**Directions for this task**
Copy out exactly the lines from the one containing "Effect of organic" to the last line of the records below, both included, and leave out any pictures.

**Extracted records**
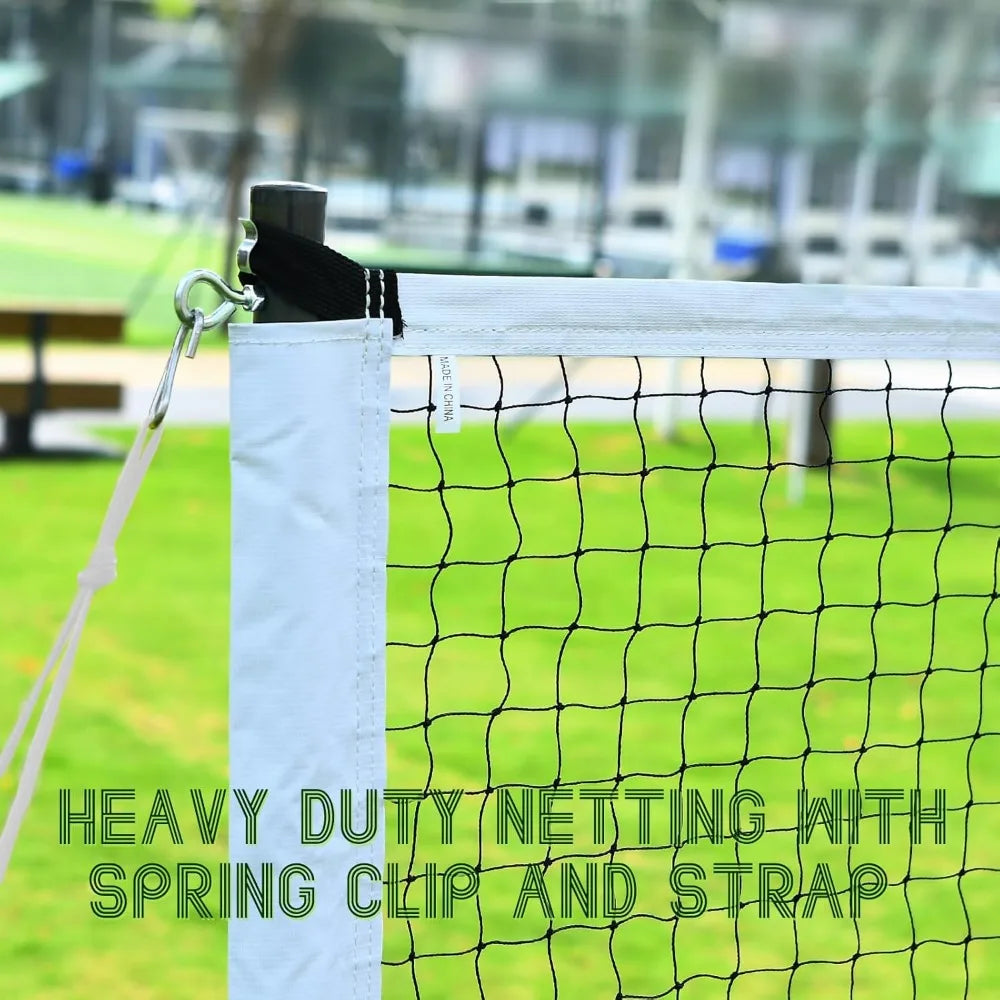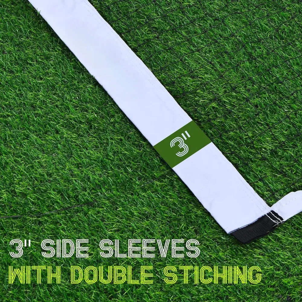 - Regulation-size Net: The 20*2.5FT PE net has 3 inch side sleeves and 1.25 inch top & bottom White waterproof net tape for high visibility and greater strength with no sagging due to this extra re-enforcing. Compared to Oxford cloth fabrics, our PVC sleeves are more resistant to sunlight and UV rays and have longer durability. The double stitching is designed for better tear prevention and lasting.
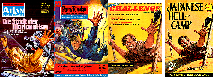 1 und 2 gleiches Bild, von 3 überarbeitet, in 4 und 5 gleiche Körperhaltung des liegenden Mannes, in 6 ist er seitenverkehrt
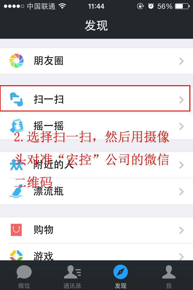 第二步:進入到微信的發現選項,選擇掃一掃,然后對準宏控公司的微信二維碼即可
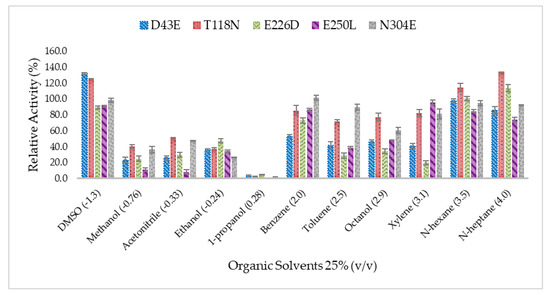 Effect of organic solvents on the catalytic activity of HT1 lipase mutants. The relative activity of each lipase was compared to the untreated lipase without organic solvents. The value of untreated enzyme for each lipase was taken as 100% and not presented in the graph.
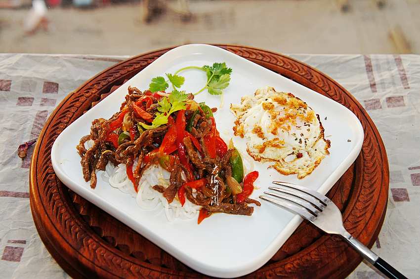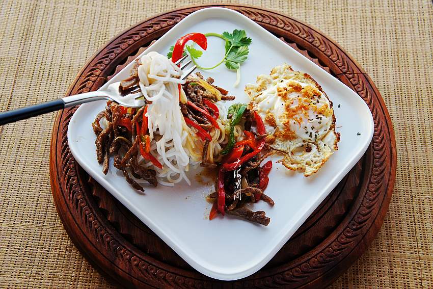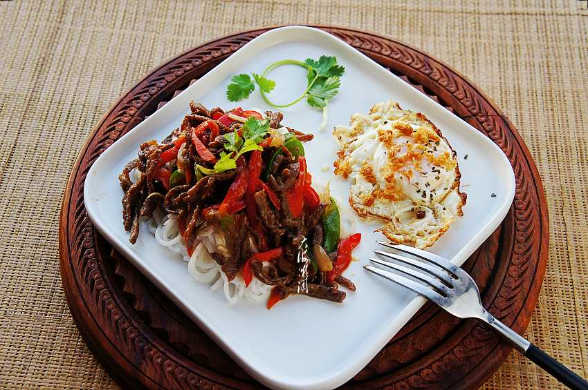 9、鸡蛋码盘,捞出米线装盘,浇上黑椒肉丝,就OK啦!喜欢香菜的还可以撒点香菜。

**Expected output**
 Effect of organic solvents on the catalytic activity of HT1 lipase mutants. The relative activity of each lipase was compared to the untreated lipase without organic solvents. The value of untreated enzyme for each lipase was taken as 100% and not presented in the graph.
 9、鸡蛋码盘,捞出米线装盘,浇上黑椒肉丝,就OK啦!喜欢香菜的还可以撒点香菜。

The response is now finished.